**Exercise instructions**
Retype, word for word, every line of the records below starting at the one that contains "跟著導覽人員,我們可以看到鞋" and ending at the one that contains "That's Queen Hera"; include both of those lines and nothing more.

**Information supplied**

○ ○ ○ ○ ○ ○ ○

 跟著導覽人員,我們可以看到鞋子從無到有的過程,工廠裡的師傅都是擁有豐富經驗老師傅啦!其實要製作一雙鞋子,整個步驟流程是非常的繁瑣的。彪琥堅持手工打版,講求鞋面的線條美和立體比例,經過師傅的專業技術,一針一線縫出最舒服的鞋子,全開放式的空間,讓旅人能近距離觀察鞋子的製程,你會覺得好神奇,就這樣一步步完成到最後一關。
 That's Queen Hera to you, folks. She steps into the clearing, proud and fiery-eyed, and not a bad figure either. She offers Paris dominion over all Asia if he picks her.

○ ○ ○ ○ ○ ○ ○

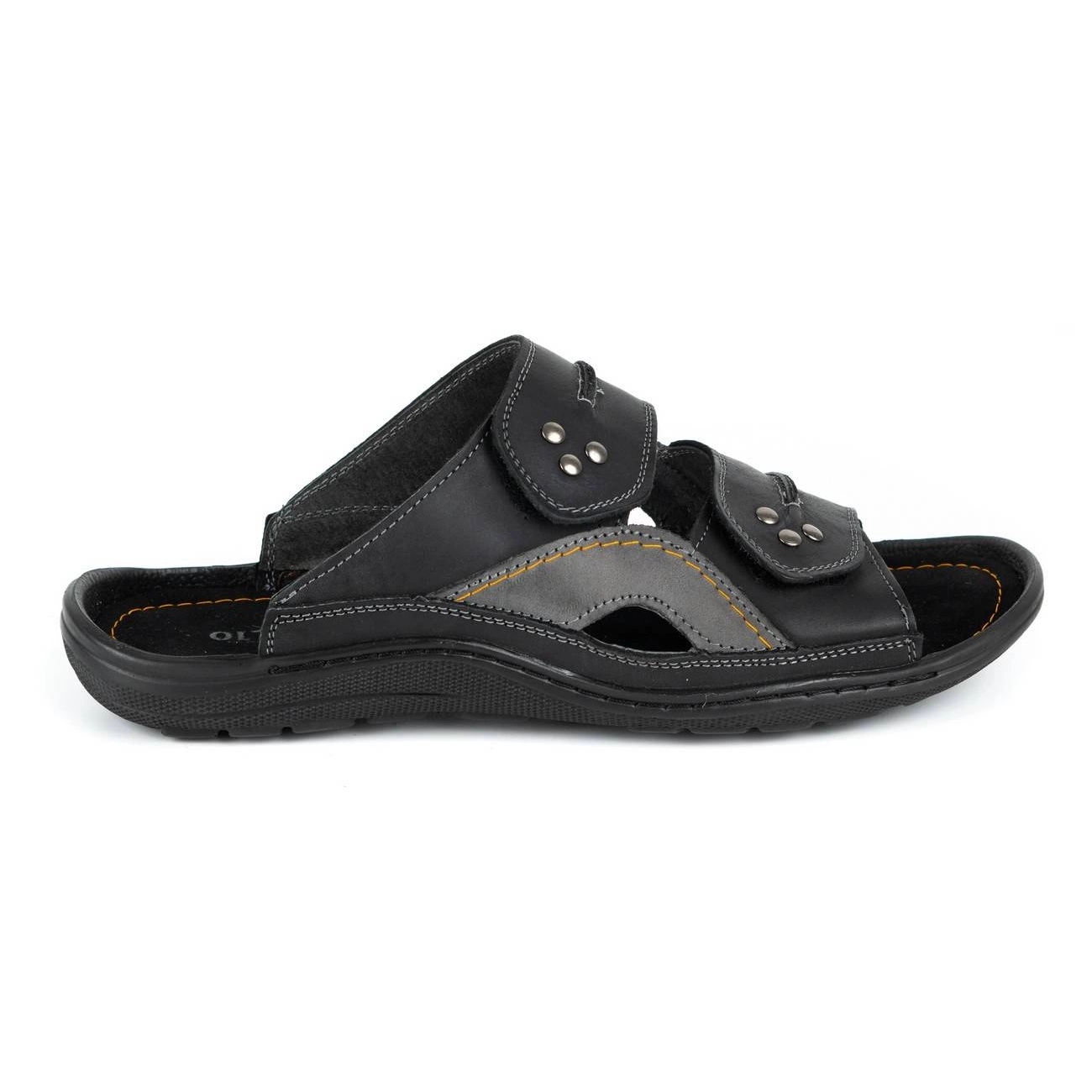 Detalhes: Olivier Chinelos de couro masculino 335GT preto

○ ○ ○ ○ ○ ○ ○

**Exercise response**
 跟著導覽人員,我們可以看到鞋子從無到有的過程,工廠裡的師傅都是擁有豐富經驗老師傅啦!其實要製作一雙鞋子,整個步驟流程是非常的繁瑣的。彪琥堅持手工打版,講求鞋面的線條美和立體比例,經過師傅的專業技術,一針一線縫出最舒服的鞋子,全開放式的空間,讓旅人能近距離觀察鞋子的製程,你會覺得好神奇,就這樣一步步完成到最後一關。
 That's Queen Hera to you, folks. She steps into the clearing, proud and fiery-eyed, and not a bad figure either. She offers Paris dominion over all Asia if he picks her.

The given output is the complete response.